Да потому, что в России начался левый реванш. Его носителем, идеологическим и организационным, стал аппарат российской компартии. Депутаты-коммунисты, господа Зюганов и Полозков, оценив настроения в обществе, связанные с распадом СССР, со сложной экономической ситуацией, с шоковым впечатлением от начатых реформ, подумали, что настало время вернуть власть. Они решили обвинить Ельцина в том, что тот своими указами «убил» КПСС, а значит — нарушил Конституцию СССР. Конечно, меньше всего коммунистов волновала реальная судьба партии. Просто своим демаршем они хотели подвести Ельцина под импичмент.

Нужно сказать, что настроения в обществе, переживающем трудные времена, качнулись в сторону оппозиции. Да и судьи Конституционного суда, которые все как один были членами КПСС, были настроены негативно — и к Ельцину, и к его указам. А посему для нашей стороны была очень велика вероятность дело в суде проиграть.
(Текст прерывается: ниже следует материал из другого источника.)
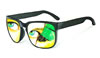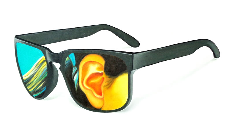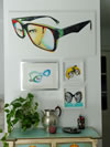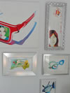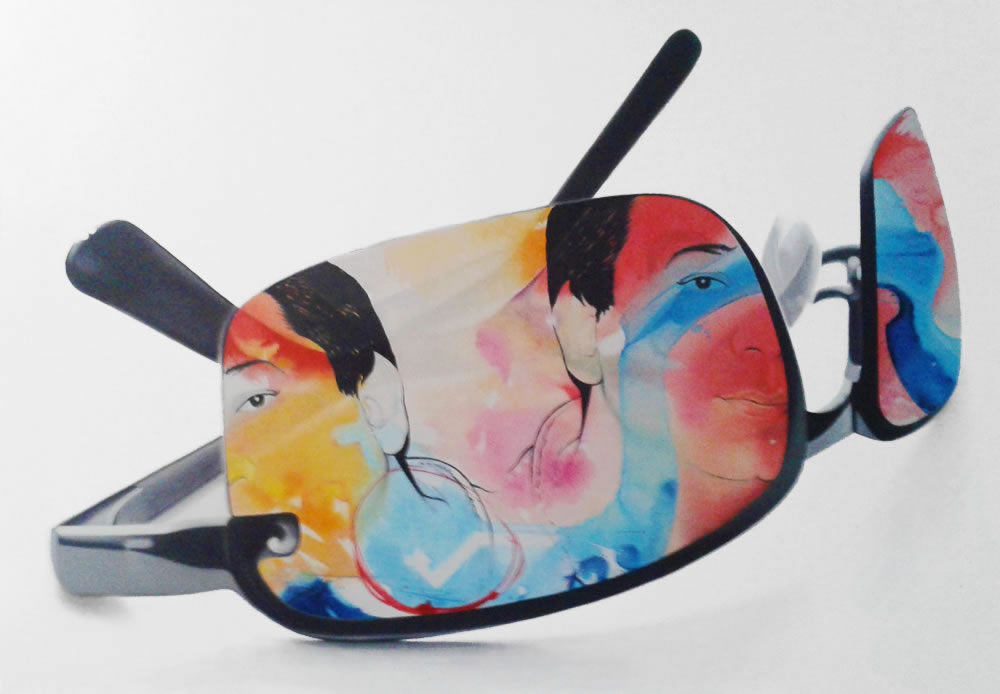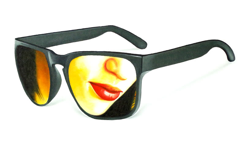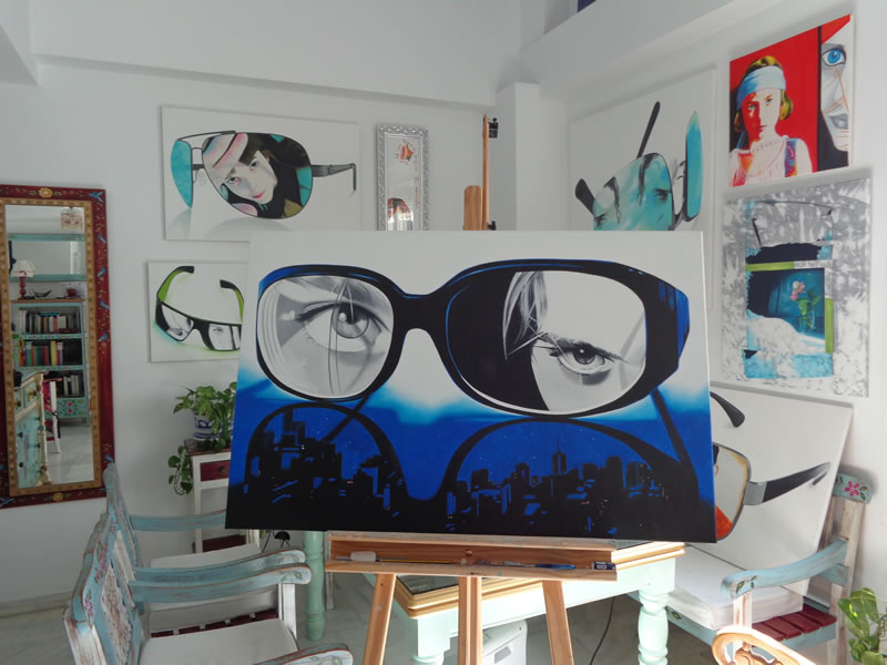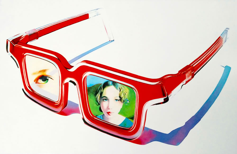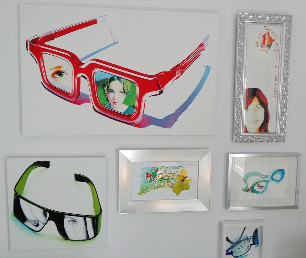 Todos estos personajes, atrapados detrás de los inexistentes cristales de una variopinta colección de gafas, desafiantes, expuestos a miradas de otros, audaces se transforman en los espectadores del público que atento los observa.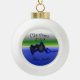 Blue and green wakeboarding ceramic ball Chistmas ornament. Customize with your own name and choice of year. Choose from three different back designs.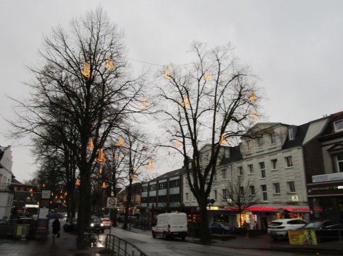 Blankeneser Bahnhofstraße morgens, vorweihnachtlich.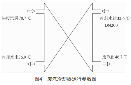 經(jīng)過現(xiàn)場測試,以圖2(改造前)方式運行時,廢汽冷卻器的運行參數(shù)如圖4所示。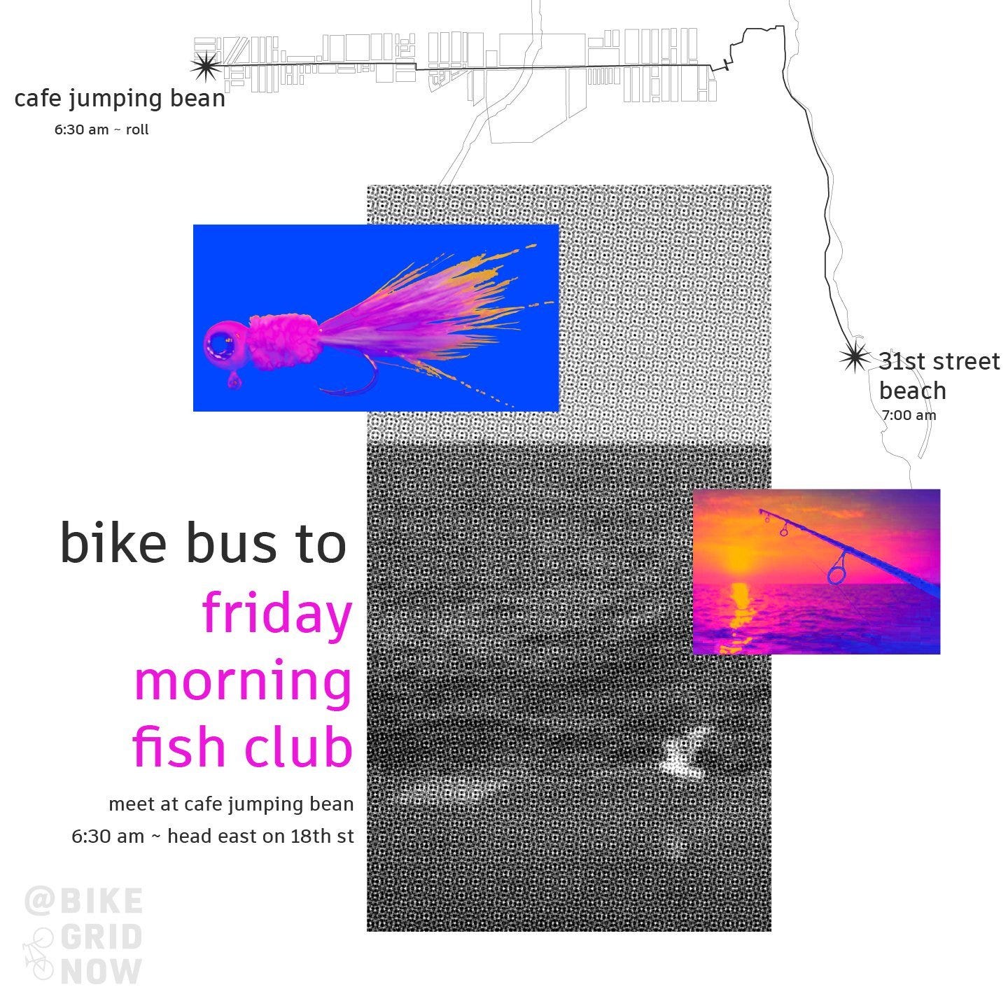 In the meantime, join Friday Morning Fish Club which rolls from Cafe Jumping Bean at 6:30am! Bring coffee, breakfast, fishing rods, or none of the above! But definitely bring yourself. Light refreshments may be provided.

И вопрос стоял так: либо команда Ельцина защитит в Конституционном суде основные положения указов и Борис Николаевич сохранит свои позиции, либо дело будет проиграно в пух и прах, и это станет основанием для реального импичмента президента.
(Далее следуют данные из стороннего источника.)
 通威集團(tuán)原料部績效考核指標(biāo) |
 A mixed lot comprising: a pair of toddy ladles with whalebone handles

Коммунисты разработали довольно убедительный алгоритм: дескать, КПСС — это политическая организация, а раз Ельцин распустил политическую организацию, то тем самым он нарушил конституционные принципы многопартийности и все, какие только есть, демократические права и свободы. Следовательно, пора его отправить с позором в отставку как правителя, нарушившего Основной Закон собственной страны.

Я видел всю ситуацию, наверное, лучше, чем кто-то еще, потому что на тот момент как вице-премьер курировал силовые структуры — и госбезопасность, и МВД. У меня каждый день на столе были оперативные сводки, которые давали точную картину настроений и в регионах, и в элитных кругах, и коллеги-юристы рассказывали о настроениях среди судей Конституционного суда. Поэтому я четко понимал: чтобы не допустить импичмента, требуется выстроить абсолютно безукоризненную тактику защиты.

К суду мы готовились на знаменитой шестой даче в поселке Архангельском, где во времена перестройки академик Абалкин{68}, а затем Григорий Явлинский писали свои экономические программы.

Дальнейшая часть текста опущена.